I closed my eyes. The thought of Mia with another man made me violent. She was fucking mine. I balled my fists and stuffed them beneath my thighs. If I didn’t I’d be grabbing her, holding her down, demanding things that she didn’t want to give. “I don’t want to hear that.”

She approached me. Stepping between my thighs, her fingers cradled my cheeks. “It’s the truth and something you need to hear. We’re young, I want to live. I don’t want to look back on my youth and realize I’d wasted it.”

“How is this a waste?” I gripped her tiny waist. Spreading my thighs wider, I pulled her against me, grinding my half-hard cock against her thigh. “Do you really think another man will make you feel like I do?” The urge to soak her in my scent, so that any man who got close to her would smell me on her, roared through me. It was a Neanderthal need that she brought out in me.

Mia sighed and scratched my smooth cheek with her nails. “I don’t know. That’s the whole point in experimenting.”

Fuck no. Anger blazed through me. Picking her up, I spun her around and pinned her to the bed with my body. She bucked beneath me, realizing my intent. I caught her dainty wrists between my fingers and forced them above her head, trapping her. Her lush breasts rose, forced flat by the weight of my chest on hers. Her nipples were already hardening; tiny little spikes that stabbed through her shirt. “No one will ever make you feel like I do, Mia. No. Fucking. One.”

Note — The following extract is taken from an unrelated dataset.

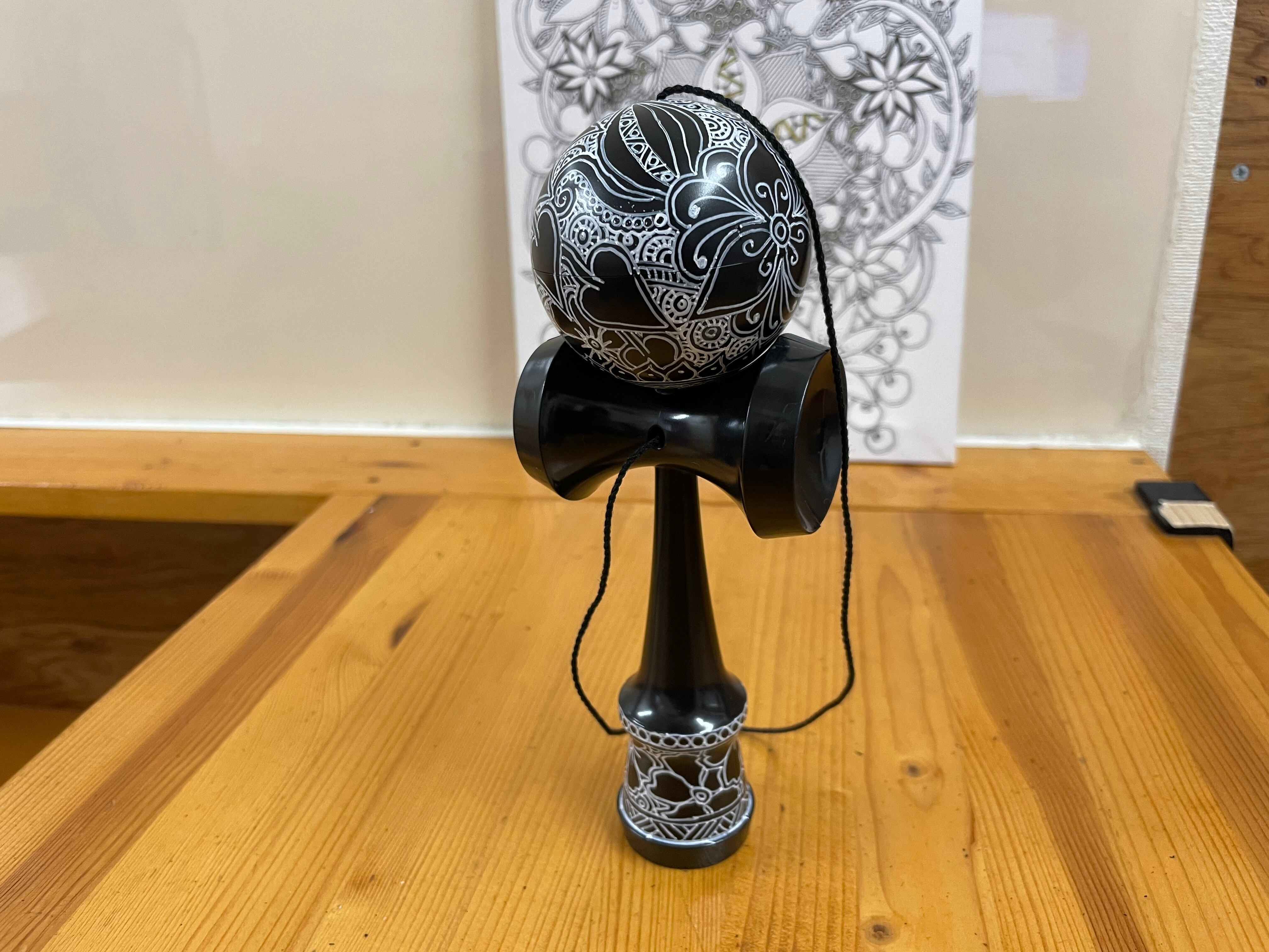 昔懐かしの玩具”けん玉(黒)”の、玉の部分と持ち手の一部を、白の油性マーカーでデザインした珍しいものです。球体にデザインをするのはとても難しいのですが、初代の作品が売切れとなった後に要望が多かったので〝黒×白〟という新しいデザインで描きました。

Her thighs spread. I ground against her, and she moaned as the iron-hard bar of my cock settled against her soft slit. I’d just fucked her, but the need to be inside her was constant. I caught her lips, biting the bottom curve with a sharp, bruising nip, and swallowed her protests.

“Regi,” she whimpered. She arched against, and I hissed at the feel of her buxom curves rubbing against me. Even through her jeans, her pussy smoldered; a slick, tight furnace threatening to bathe me in flames.

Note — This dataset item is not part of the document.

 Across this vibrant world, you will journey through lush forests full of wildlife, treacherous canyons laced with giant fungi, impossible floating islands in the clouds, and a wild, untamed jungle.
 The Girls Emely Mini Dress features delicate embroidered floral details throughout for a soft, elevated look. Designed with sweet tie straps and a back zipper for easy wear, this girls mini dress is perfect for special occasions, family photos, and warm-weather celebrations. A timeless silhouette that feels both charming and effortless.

“If you won’t go to prom with me spend one day with me. A real date.” I nipped her lips again, denying her my kisses until she agreed.

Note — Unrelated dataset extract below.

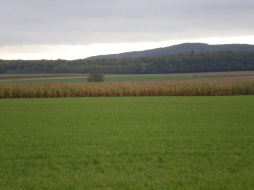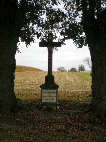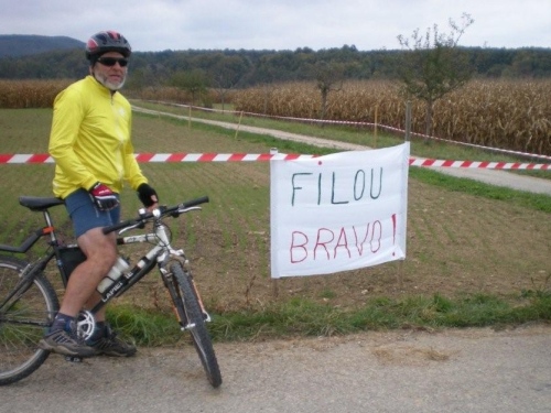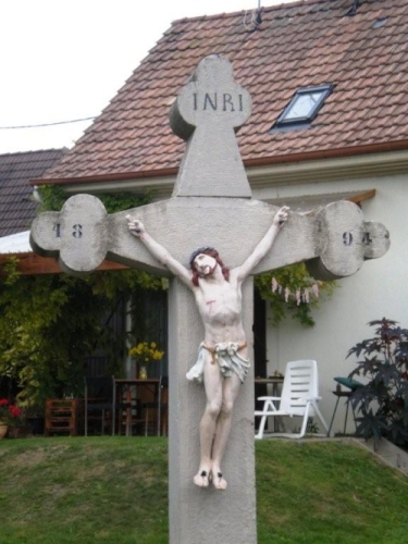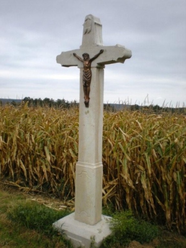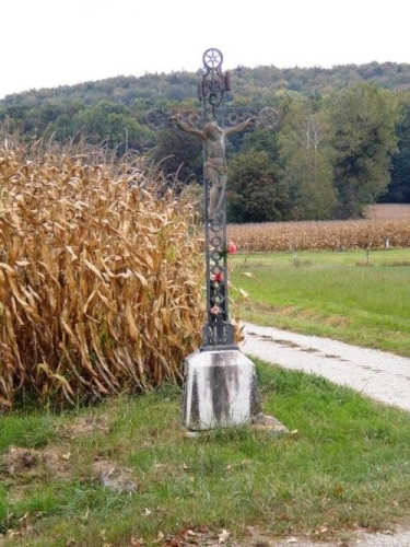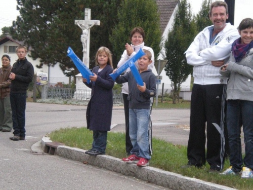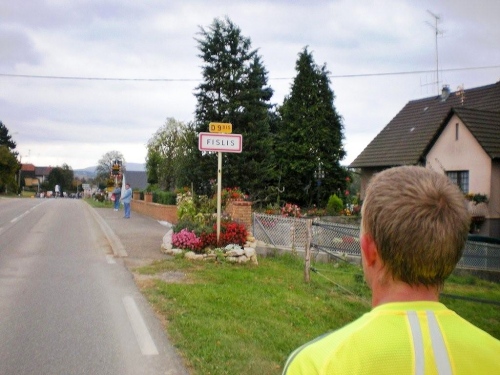 Der Wind ist im Rücken und ich nehme ihn nur wahr, weil er die Maisfelder neben der Straße dauernd am Rascheln hält. Nächste Station ist Fislis. So klein der Flecken auch ist, die Zuschauer sind mit Begeisterung an der Strecke, wie wenn die Weltelite vorbeikäme. Nach dem lebhaften Teil am Dorfrand kommt wieder die Ruhe der Landschaft. Still steht das nächste Wegkreuz vor dem Maisfeld, durch welches der Wind streicht. Am östlichen Horizont ist es hell, so wie es am frühen Morgen schon war. Ob sich der bedeckte Himmel über dem Sundgau noch freundlicher zeigen wird?

She growled at me, her arms straining as she struggled against my hold. I loved when she fought, and my dick bulged against my boxers. She might have gotten dressed, but I was still mostly naked. At this rate, if I let her go she’d slap me, or claw me, or both.

Keeping her wrist pinned in one hand, I yanked her shirt up, revealing her fat breasts housed in a white bra. “If you want me to suck on these big titties, you’ll answer me.”

Her eyes narrowed; anger and lust warring on a velvety brown battleground. Dipping my head, I licked one of her hard nipples through the fabric.

“I hate you,” she hissed, but her moan made a liar of her.

“You fucking love what I do to you.” I raked my teeth over her breast, plucking on the tip with restrained lust. “Answer me.”

She shuddered. Then she melted. Her eyes closed in sweet surrender. “Yes, fucking hell, yes I’ll go out with you.”

Peeling the cups of her bra down with my teeth, I sucked as much of her breast into my mouth as I could. “Such a good girl.”

I grinned against her dusky skin. I wasn’t playing fair. I used her desire against her. But so fucking what. This was war. I could be patient while her heart caught up with what it wanted. But I wasn’t going to make kicking me out of her life an easy choice.

I rocked against her as my term of endearment turned her molten.

Even as I seduced her, my mind turned to the future. No matter what she thought, I was never letting her go.

Five years later, I still hadn’t given up on “us”.